-- What to produce --
Write again exactly the lines in the listing below, starting at the line with "언론 현업 4단체는 24일" and ending at the line with "A modernly furnished", both included. Pictures are not copied.
··· Task data
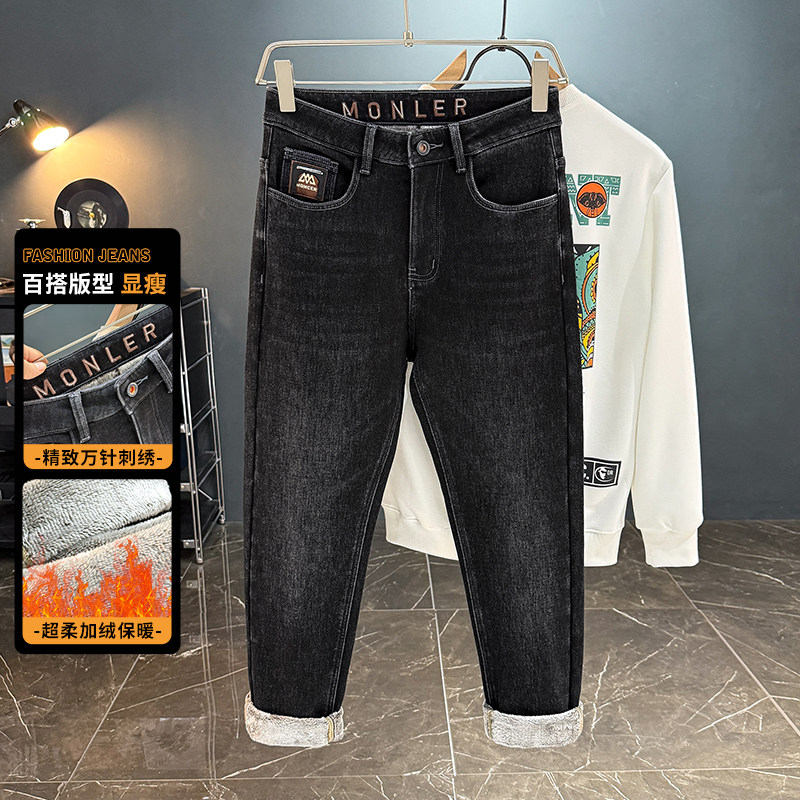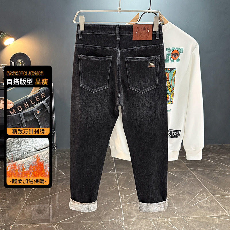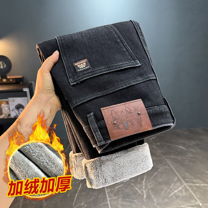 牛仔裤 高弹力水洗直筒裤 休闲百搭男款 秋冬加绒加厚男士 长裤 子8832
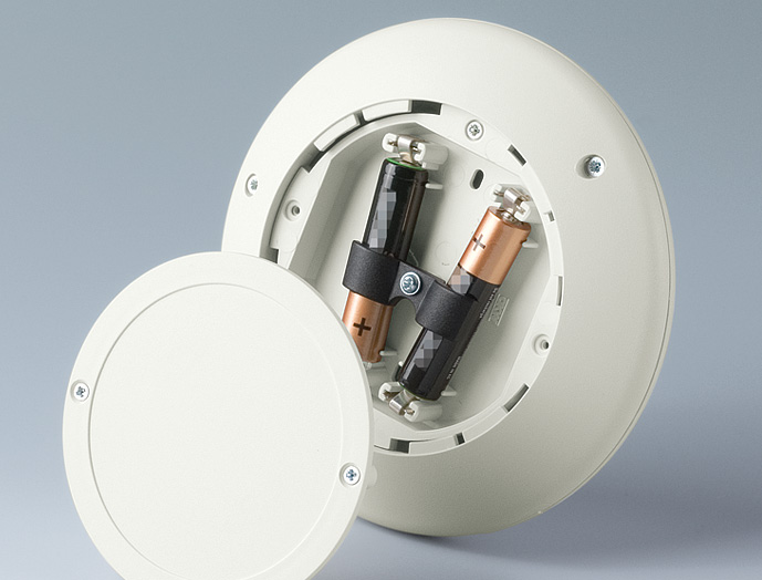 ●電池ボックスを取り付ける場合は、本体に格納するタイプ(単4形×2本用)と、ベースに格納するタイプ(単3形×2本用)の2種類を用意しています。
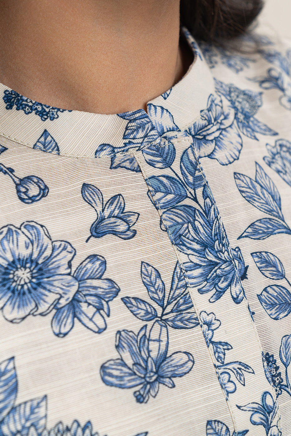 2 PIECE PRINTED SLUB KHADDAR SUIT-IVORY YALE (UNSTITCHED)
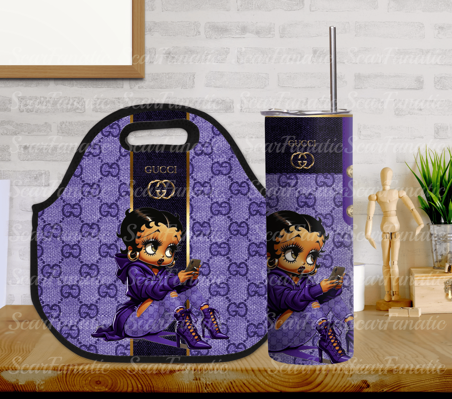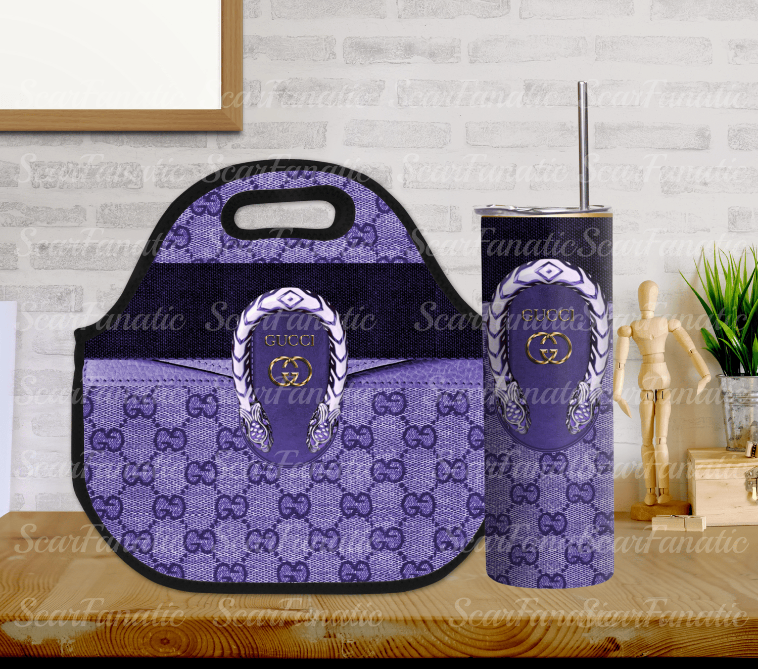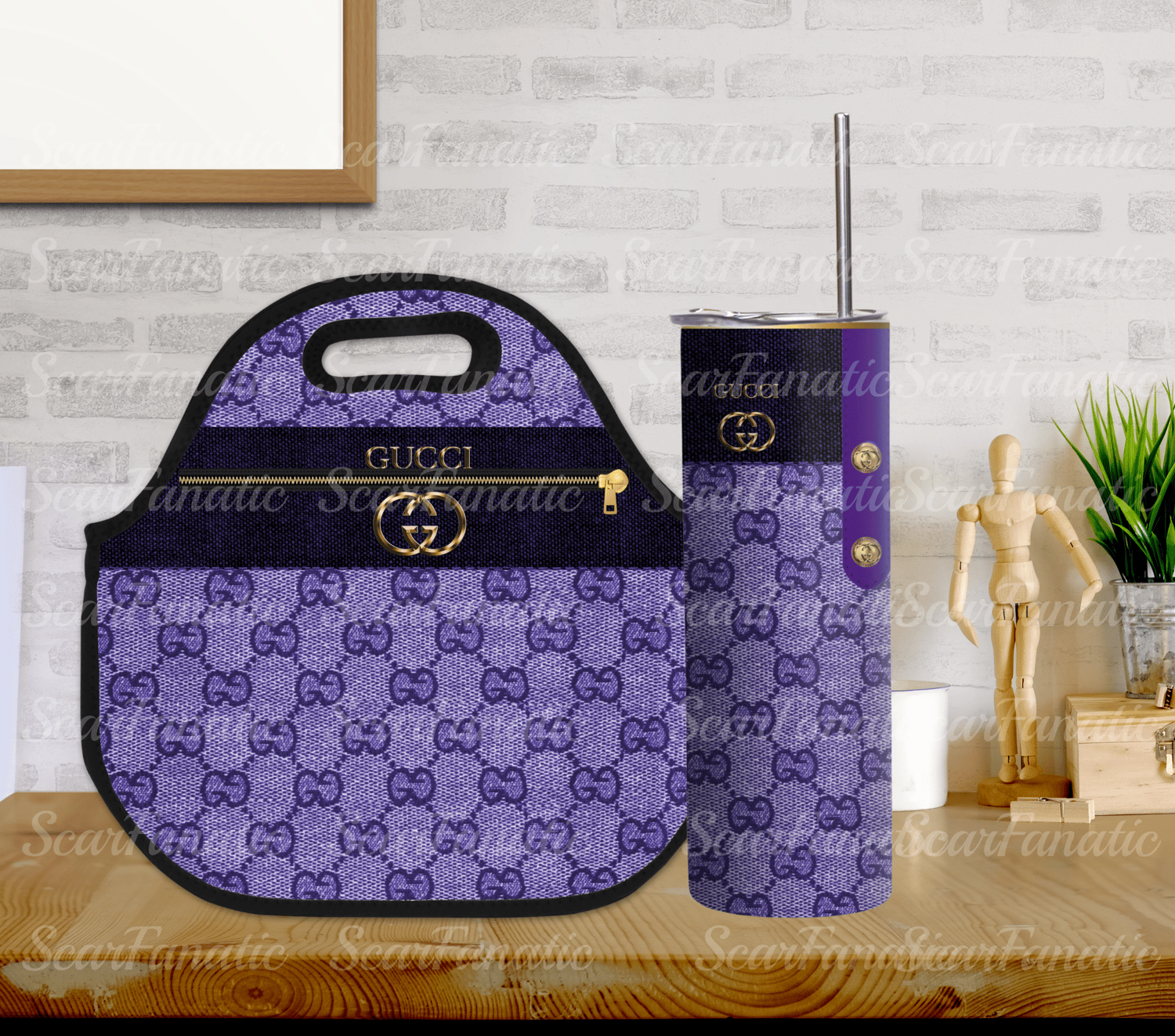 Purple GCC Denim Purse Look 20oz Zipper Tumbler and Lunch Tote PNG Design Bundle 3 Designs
······
··· Task data
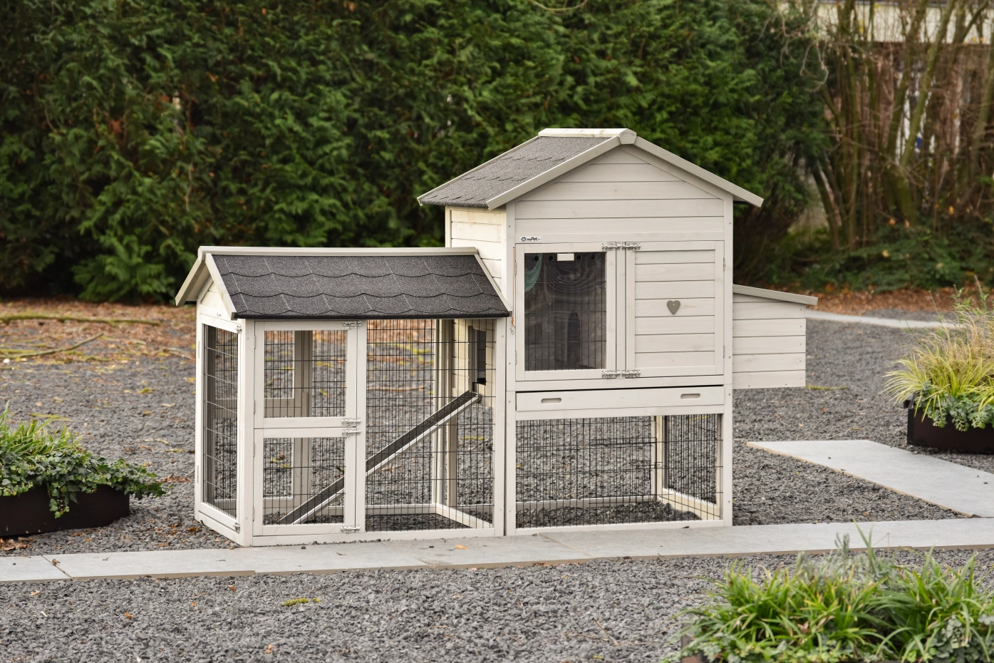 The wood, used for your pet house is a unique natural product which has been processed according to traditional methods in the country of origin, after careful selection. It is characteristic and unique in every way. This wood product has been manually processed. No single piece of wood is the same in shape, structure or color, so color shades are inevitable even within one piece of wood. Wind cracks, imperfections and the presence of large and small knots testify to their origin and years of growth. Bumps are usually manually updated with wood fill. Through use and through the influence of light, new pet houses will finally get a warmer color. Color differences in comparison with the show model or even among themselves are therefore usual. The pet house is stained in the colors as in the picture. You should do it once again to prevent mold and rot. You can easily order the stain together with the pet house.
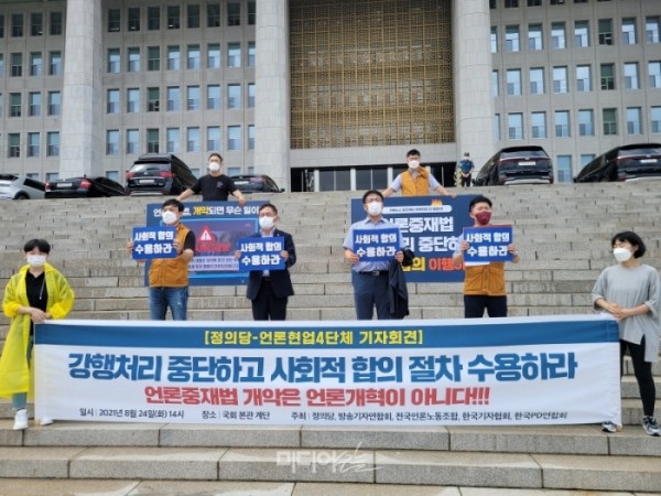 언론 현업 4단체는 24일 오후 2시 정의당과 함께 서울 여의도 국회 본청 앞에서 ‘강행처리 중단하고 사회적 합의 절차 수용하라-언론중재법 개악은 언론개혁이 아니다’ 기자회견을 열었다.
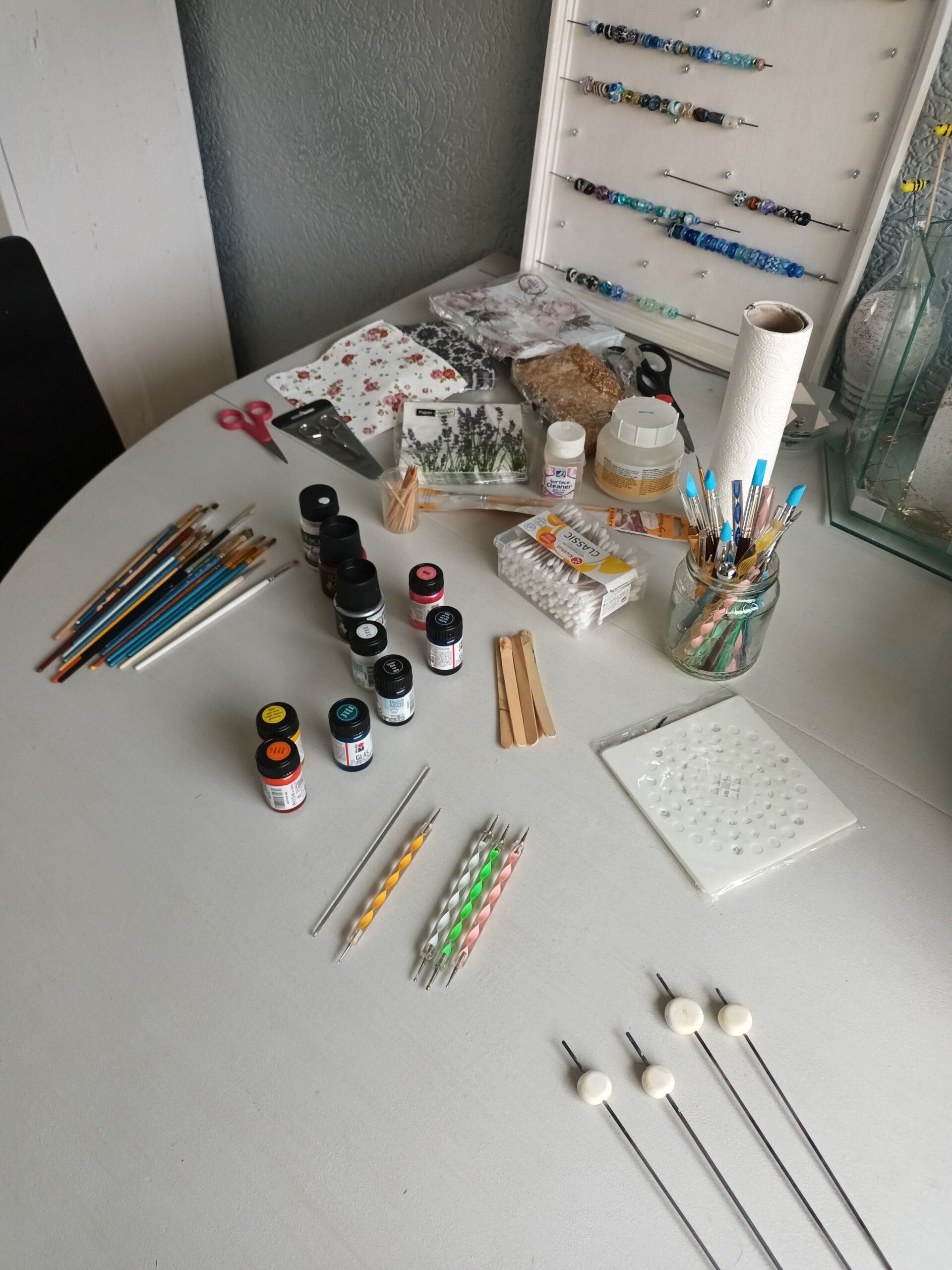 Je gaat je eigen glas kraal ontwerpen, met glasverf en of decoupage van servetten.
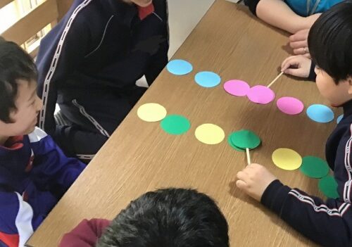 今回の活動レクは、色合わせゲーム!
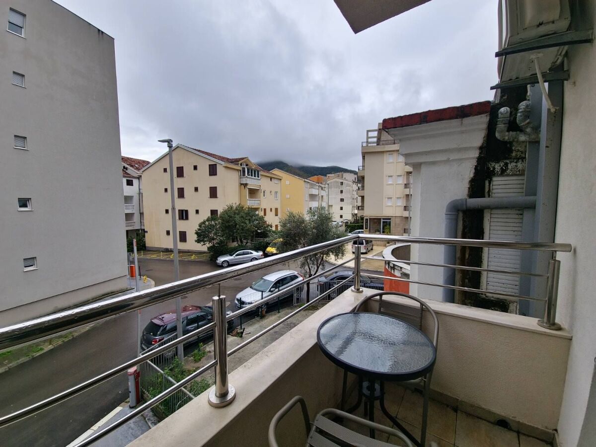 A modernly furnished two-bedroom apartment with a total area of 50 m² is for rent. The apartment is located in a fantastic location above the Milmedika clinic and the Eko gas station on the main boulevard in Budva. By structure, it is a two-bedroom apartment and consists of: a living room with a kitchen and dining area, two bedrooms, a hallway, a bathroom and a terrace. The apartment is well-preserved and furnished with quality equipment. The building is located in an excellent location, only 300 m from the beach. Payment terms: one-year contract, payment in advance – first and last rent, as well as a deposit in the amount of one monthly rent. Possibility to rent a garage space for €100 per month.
······
··· Task data
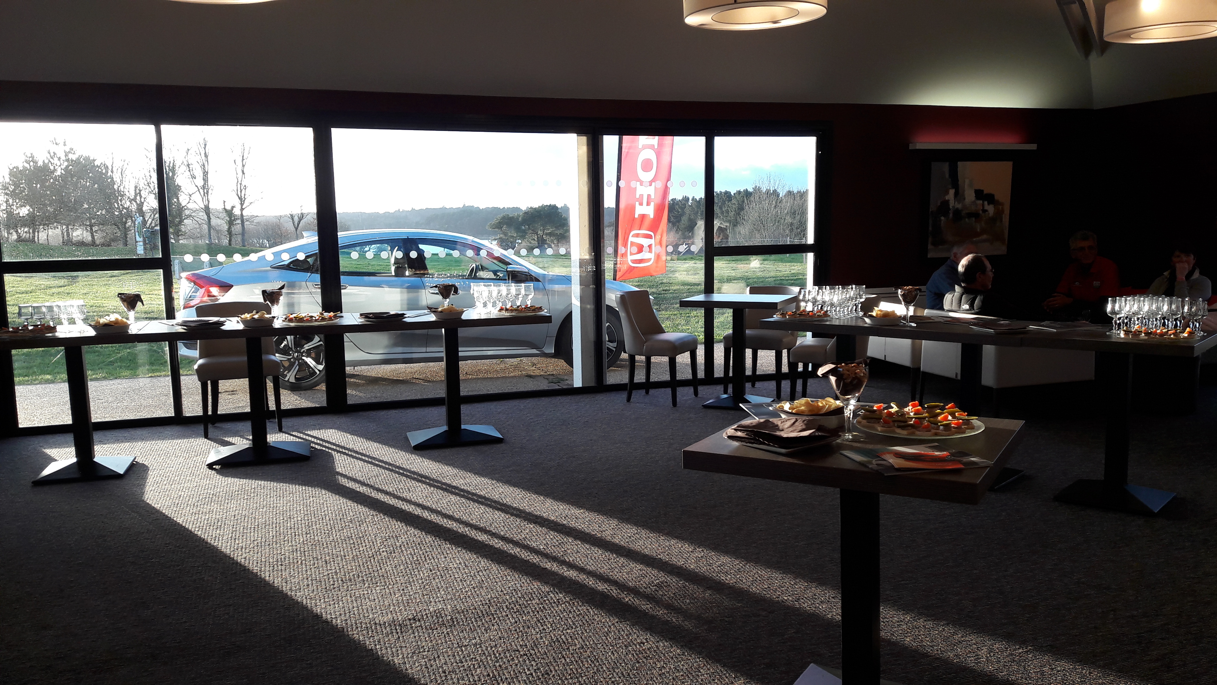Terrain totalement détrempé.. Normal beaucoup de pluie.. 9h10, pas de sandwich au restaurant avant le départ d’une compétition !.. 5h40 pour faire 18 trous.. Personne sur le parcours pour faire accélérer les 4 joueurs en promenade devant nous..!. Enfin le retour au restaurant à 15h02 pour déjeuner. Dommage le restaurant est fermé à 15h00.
······
-- Result of the exercise --
 언론 현업 4단체는 24일 오후 2시 정의당과 함께 서울 여의도 국회 본청 앞에서 ‘강행처리 중단하고 사회적 합의 절차 수용하라-언론중재법 개악은 언론개혁이 아니다’ 기자회견을 열었다.
 Je gaat je eigen glas kraal ontwerpen, met glasverf en of decoupage van servetten.
 今回の活動レクは、色合わせゲーム!
 A modernly furnished two-bedroom apartment with a total area of 50 m² is for rent. The apartment is located in a fantastic location above the Milmedika clinic and the Eko gas station on the main boulevard in Budva. By structure, it is a two-bedroom apartment and consists of: a living room with a kitchen and dining area, two bedrooms, a hallway, a bathroom and a terrace. The apartment is well-preserved and furnished with quality equipment. The building is located in an excellent location, only 300 m from the beach. Payment terms: one-year contract, payment in advance – first and last rent, as well as a deposit in the amount of one monthly rent. Possibility to rent a garage space for €100 per month.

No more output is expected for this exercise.